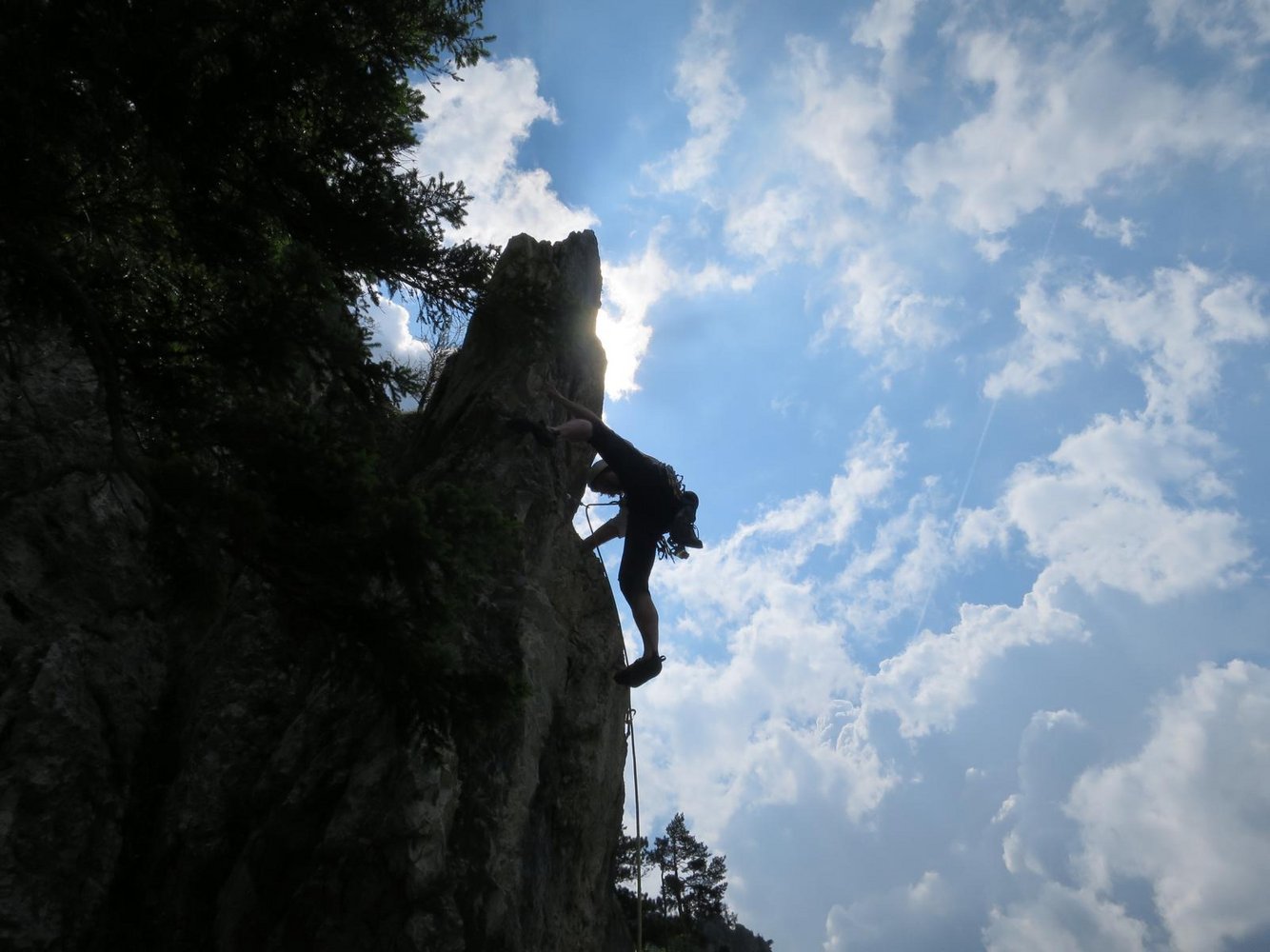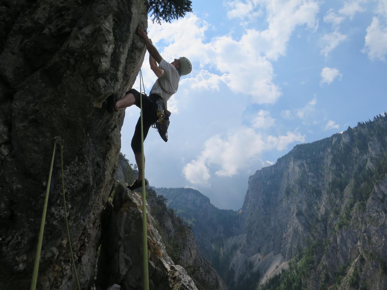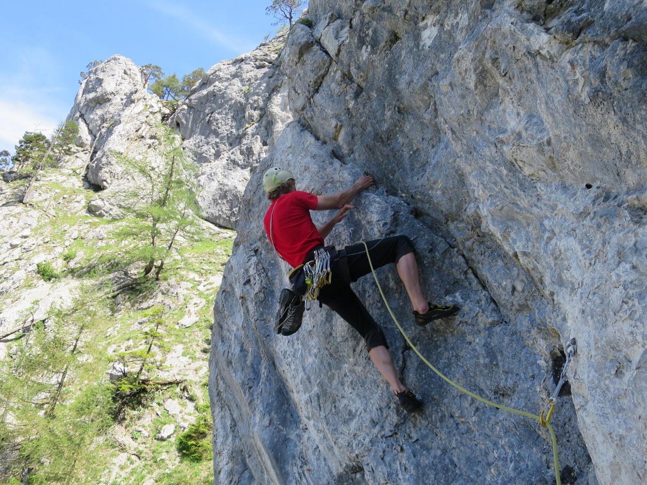 Der Fels ist raxtypisch oft splittrig und die 16. Länge hat Felssturzpotential; es ist aber alles perfekt mit Bohrhaken gesichert, lediglich in der 3. SL etwas weiter, was mit Friends gut entschärft werden kann. Dank der vielen Abbruchmöglichkeiten fehlt bei dieser Tour das alpine Flair.
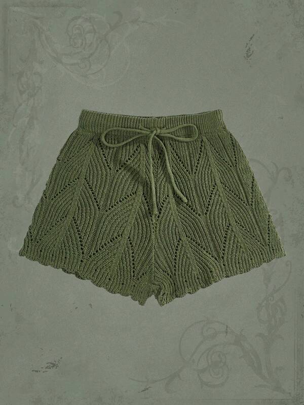 ROMWE Fairycore Elastic Knitted Sweater Shorts With Forest Style And Lace Trim, Plus Size
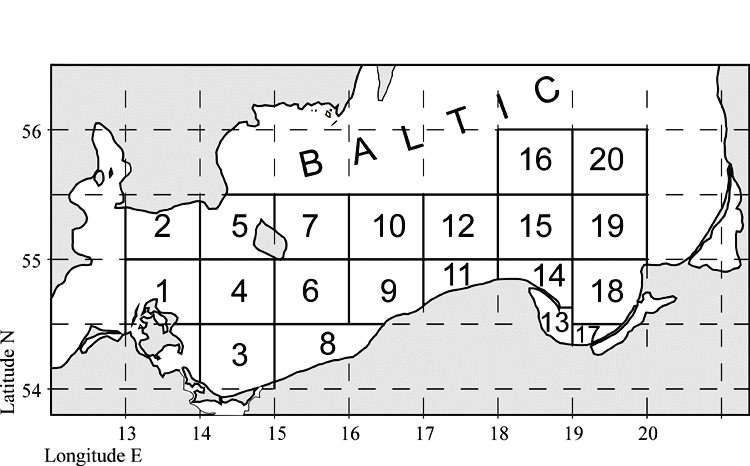 The radiation transfer model developed at IO PAS, Sopot, was applied to determine the main radiation fluxes. A long-term meteorological and bio-optical standard database has been used in the computations. The mean monthly fluxes Qi and their balance Q15 = Q9 - Q14 for the Southern Baltic region, divided into 20 sub-regions (see the map below), have been obtained for each month of the year.
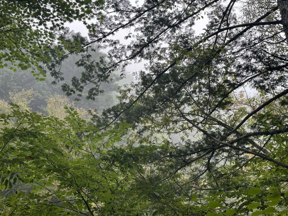 徐々にもやに消えていく木々のレイヤーを楽しみつつ少しづつ片付けを。
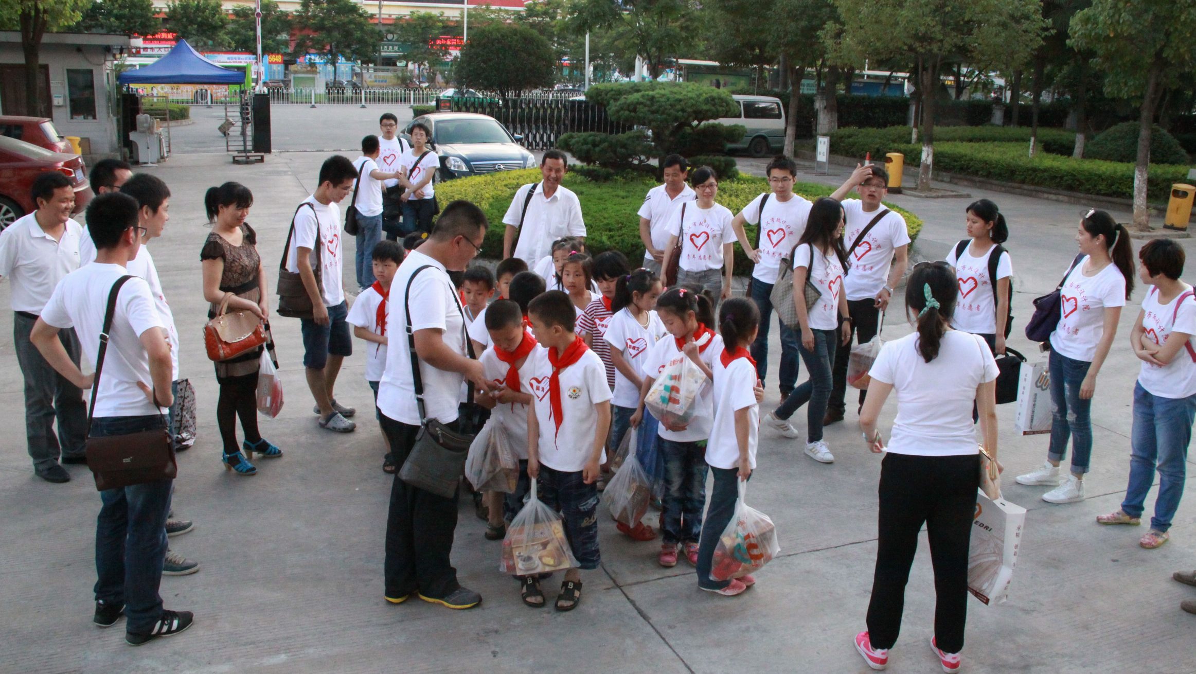 ??? 晚餐結(jié)束后,志愿者們與孩子們手拉手走出公司大門。志愿者隊(duì)長向李集小學(xué)領(lǐng)導(dǎo)贈(zèng)送了文體用品,隊(duì)員們也為孩子們送上早已準(zhǔn)備好的食品及小禮物,并送他們上車。告別的瞬間,隊(duì)員們向車上的孩子們揮手告別,目送車輛遠(yuǎn)去,車上的孩子們也揮動(dòng)著自己的小手,向公司志愿者們致意,為這次充實(shí)而難忘的活動(dòng)畫上了圓滿的句號。
• • • •
Reproduce, exactly and only, the lines of the records above starting at the line with "ROMWE Fairycore Elastic" and ending at the line with "徐々にもやに消えていく木々のレイヤーを楽しみつつ少しづつ片付けを。", both included. Leave every picture out.

Written answer |
 ROMWE Fairycore Elastic Knitted Sweater Shorts With Forest Style And Lace Trim, Plus Size
 The radiation transfer model developed at IO PAS, Sopot, was applied to determine the main radiation fluxes. A long-term meteorological and bio-optical standard database has been used in the computations. The mean monthly fluxes Qi and their balance Q15 = Q9 - Q14 for the Southern Baltic region, divided into 20 sub-regions (see the map below), have been obtained for each month of the year.
 徐々にもやに消えていく木々のレイヤーを楽しみつつ少しづつ片付けを。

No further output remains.